I just did the same thing. I gave it to her last night in a humorous and non-pressuring way. Her reaction was very educational. It wasn't immediately positive, she basically went off on me and had this whole crazy narrative about the situation that was completely bizarre. It was like the classic "you're a dirty perv trying to make me do things I don't want!" freak out... until I pointed out that I bought it because she has explicitly expressed interest in having one several times, that I very intentionally gave it to her in a humorous way without insisting or suggesting she use it, that it does in fact have non-sexual uses, and that my sole motivation for giving it to her was her pleasure. She shut up about it after that. She never apologized but she did start behaving much better and ultimately did suggest we go have sex. Unfortunately I was not in a proper mental state by then, I don't entirely remember the details but we did use it briefly before giving up on sex because neither of us was into it.


----------



## Runs like Dog (Feb 25, 2011)

I could picture the conversation with the cops the next if it were me. She'd be saying..."yeah it was plugged in when I dropped it in the tub, was that wrong??"


----------



## ren (Aug 1, 2011)

Therealbrighteyes said:


> Anybody who uses a Hitachi for sex in this day and age is last century.


Have you ever felt a Hitachi in action? It is by far the most powerful vibrator I've ever encountered and I've been vibrator shopping a half dozen times. Yeah, it's damn huge and it's got a cord and only two settings, but nothing else compares to its intensity.


----------



## Hope1964 (Sep 26, 2011)

I like the kind that he supplies the action for. Ten inches of plain silicon.

We were using one last week and I said to him that it was weird how he loves using a dildo on me, but if I was using a silicon vagina on him I would think it was weird.

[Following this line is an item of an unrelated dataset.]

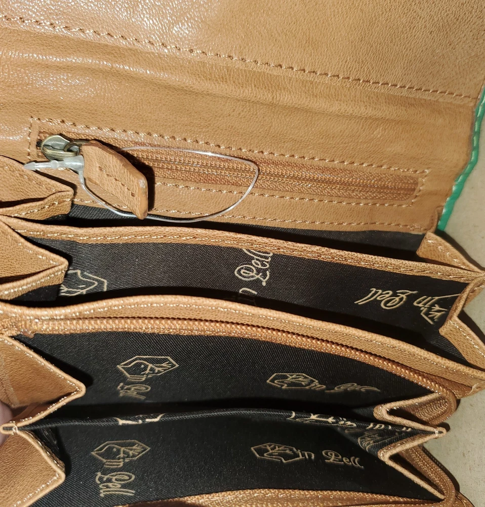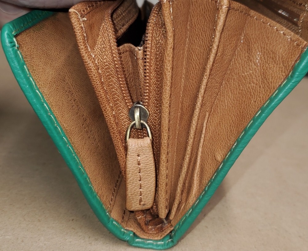 Valentina Italian Leather Tab Close Clutch Wallet in Dark Green and Cognac

We had quite a collection of toys before I found out he was cheating, when I threw them all away. We're slowly rebuilding our collection. One of my personal favorites in those vibrating egg things. I can make myself cum in about 30 seconds with one of those babies.


----------



## Grayson (Oct 28, 2010)

We've got a decent collection, ranging from sleeves and a ring for me (complete with bullet "for her pleasure"), vibrators for her, ropes, a lightweight crop with lashes on one end and feathers on the other, and a heavier whip (her idea...I swear). Her favorite is the Thumbs Up G-spot vibrator from Pure Romance. She'd like to try a rabbit, but hasn't picked one out yet. Sometimes we use them together/on each other, sometimes on our own.
_Posted via Mobile Device_


----------



## Therealbrighteyes (Feb 11, 2010)

roymcavoy said:


> I've heard the Lelo is GREAT!
> 
> Which model do you have? Looks like there are a half-dozen or more Lelo designs. Any specific recommendations?


Lelo Liv. Amazing.


----------



## Therealbrighteyes (Feb 11, 2010)

ren said:


> Have you ever felt a Hitachi in action? It is by far the most powerful vibrator I've ever encountered and I've been vibrator shopping a half dozen times. Yeah, it's damn huge and it's got a cord and only two settings, but nothing else compares to its intensity.

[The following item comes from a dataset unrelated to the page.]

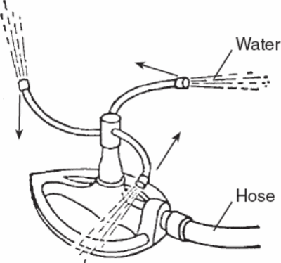 Sprinklers spray out water, causing the sprinkler to move in the opposite direction in the shape of a circle.

Yes but DURING sex it gets in the way. As I said, there is one that doesn't get in the way and is amazing.


----------



## heartsbeating (May 2, 2011)

Therealbrighteyes said:


> Lelo Liv. Amazing.


In the interest of educating myself, I googled your recommendation just to realize ...I have a Lelo! I didn't keep the nice box it came in, it's just kept in the satin pouch and referred to as "go get your toy". 

H chose it for me - it's the lilac colored toy I mentioned earlier (actually it's light blue, maybe candle light has made it appear that color to me). Even though we've known each other intimately for years, I guess I was too taken in the moment to bother with a name  Lelo, nice to meet you.

I have Lelo Iris Blue. Shape is slightly different to the Liv. I love it.


----------



## heartsbeating (May 2, 2011)

Another toy he chose for me is the "Impulse Ultra 7 Bullet". We've tried this from time to time but it surprisingly doesn't seem to do much for me. He's tried using it on me alone and sometimes mixed in with oral. I've tried using it on myself while riding him. I don't know if we're just not making the most of it or if it somehow mentally distracts me but we usually end up laughing and getting out the Lelo Iris instead if we're in the mood for toys.

_"A quivering, pulsating bullet that excites the clitoris in seven gloriously different, wicked ways. Low, medium, high, escalating, pulsating, intense pulsating and escalating & pulsating!! You wont believe what a different type of vibration will do to your yummy bits until you try it."_ 

Has anyone else used the Impulse Bullet?


----------



## Entropy3000 (May 11, 2011)

Has anyone tried this one:

We-Vibe Canada | Worn While You Make Love


----------



## PBear (Nov 16, 2010)

Entropy3000 said:


> Has anyone tried this one:
> 
> We-Vibe Canada | Worn While You Make Love


My GF and I tried it, but didn't get a big thrill from it. It didn't hit her in the right spots. We did, however, have the original one, not the "II".

C


----------



## nice777guy (Nov 23, 2009)

Why do women get all the cool sex toys???


----------



## ren (Aug 1, 2011)

PBear said:


> My GF and I tried it, but didn't get a big thrill from it. It didn't hit her in the right spots. We did, however, have the original one, not the "II".
> 
> C


We tried the II once and she never wanted to use it again. Total waste of money. Apparently some people really love them though.


----------



## imhereforadvice (Apr 11, 2011)

Aside from the fact that my H and I haven't had sex lately, we have used toys in the past (and I still use one on myself more recently, lol) and we loved it! It definitely adds some spice to things. Very fun :smthumbup: 

I was going to say more (distracted), but now I just have to look up this Hitachi Magic Wand (thanks Meg, lol!)!!! 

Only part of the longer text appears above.